A representation of the full achievement of armorial bearings was installed on the rear façade of the building.


At the time that the Institute was granted a Royal Charter in 1912, full membership was only open to "men working in insurance." Following the First World War, in 1919, the ban on women sitting exams was lifted. A year later, 25 women entered the Institute. In 1921, the first woman achieved Fellowship. An equal membership fee was introduced in 1966. Until then, apart from diploma holders, women had to pay only a nominal fee to join the "Lady Members Committee". The same year, an alternative cheaper 'lady social membership' was also offered by some local institutes, which was purely for organising and participating in social events.

By comparison, today membership of the CII is open to anyone connected with insurance or financial services, including students intending to join the profession.

As of September 2018, the CII has over 120,000 members across 150 countries. Over 10% of members are based outside of the UK.

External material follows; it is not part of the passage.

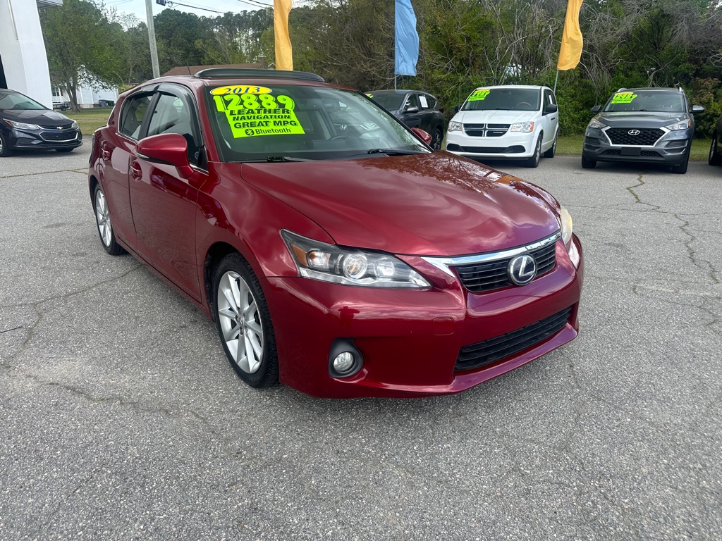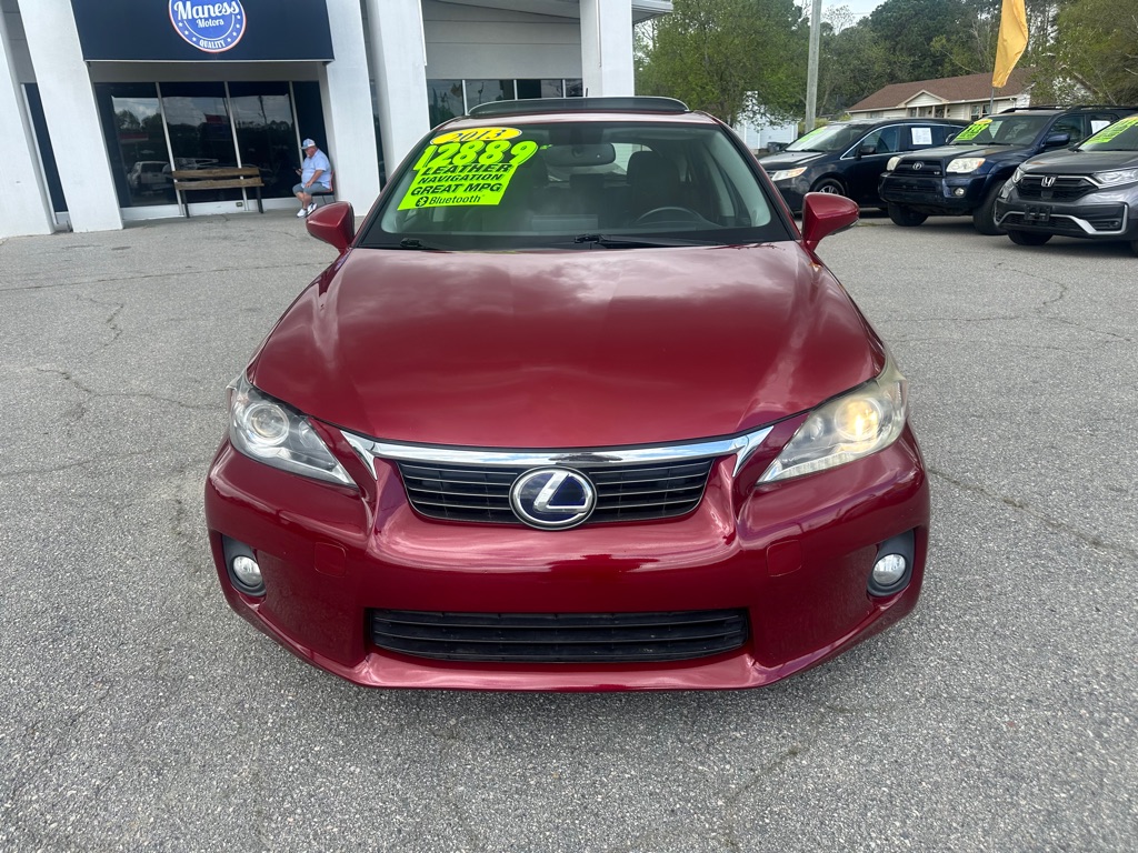 THIS LEXUS CT200H IS A 3 OWNER WITH A MINOR ON THE HISTORY REPORT. IT COMES WITH THE PREMIUM PACKAGE AND INCLUDES LEATHER, HEATED SEATS, NAVIGATION, SUNREOOF, ALLOY WHEELS, BLUETOOTH, AND MORE. MANESS MOTORS IS LOCATED AT 1530N WESLEYAN BLVD IN ROCKY MOUNT. JUST LOOK FOR ALL THE BLUE AND ORANGE FLAGS.

There are eight levels of membership:

  • Ordinary: individual members who do not hold a CII qualification.
  • Discover: exclusively for secondary school and college teachers and students in the UK and students enrolled on full-time degree courses at UK universities.
  • Society of Mortgage Professionals (SMP) Ordinary: automatic membership for members of the SMP with the designated mortgage qualification.
  • Certificate: individuals with one or more certificate-level CII qualifications.
  • Diploma: holders of the CII Diploma in Insurance.Designated by the letters "Dip CII".
  • Advanced Diploma: holders of the CII Advanced Diploma in Insurance. Designated by the letters "ACII".
  • Fellowship: holders of the highest CII qualification. Designated by the letters "FCII".
  • Chartered: professional title awarded to members who hold either the Advanced Diploma or Fellowship and have a minimum five years’ industry experience.

Local and affiliated global insurance institutes

Every CII member in the UK, the Channel Islands, and the Isle of Man is automatically a member of one of 58 local institutes. There are an additional seven associated institutes in Gibraltar and the Republic of Ireland. Members outside of the UK have the option of membership in one of 70 affiliated global insurance institutes.


A strong desire to form a central Insurance Library in London existed before the Charter incorporation in 1912. The objectives of the then Insurance Institute of Great Britain and Ireland included ‘to encourage the study of all subjects bearing on every branch of insurance, and to form a Library for the use of members’. These objectives were then written into the 1912 Charter as the obligation for the CII to maintain a library of resources related to insurance for the benefit of its members. However, it was not until the opening of the Insurance Hall in 1934 that the Chartered Insurance Institute Library was established. Prior to that date, federated Insurance Institutes maintained insurance libraries across the UK and Ireland.

The CII Library was initially run in conjunction with the Insurance Institute of London library. The original intention was to run both libraries side by side, the London Insurance Institute Library as a lending library for members of that institute and the Chartered Insurance Institute Library as a reference library for all members. Both libraries eventually merged into one single Library that now acts as a central lending library and knowledge service for all members.


The Museum has existed since the opening of the Insurance Hall in 1934. It currently occupies a small space on the second floor. It is dedicated to the history of the four main classes of insurance, with a special focus on fire insurance and the history of fire fighting. Early insurance policies and other artefacts from the Chartered Insurance Institute's special collections are on display. The Museum originally exhibited a 19th-century fire brigade engine which is now housed at the American Museum in Bath.

In 1934 the illustrator C. Walter Hodges painted a frieze that surrounds the four walls of the museum area, depicting allegories of marine, fire, accident and life insurance. The Insurance Hall is designated as a Grade II listed building, in part due to these murals.

The CII also exhibits a large collection of over 1,500 fire marks which were bequeathed to the CII by several different donors.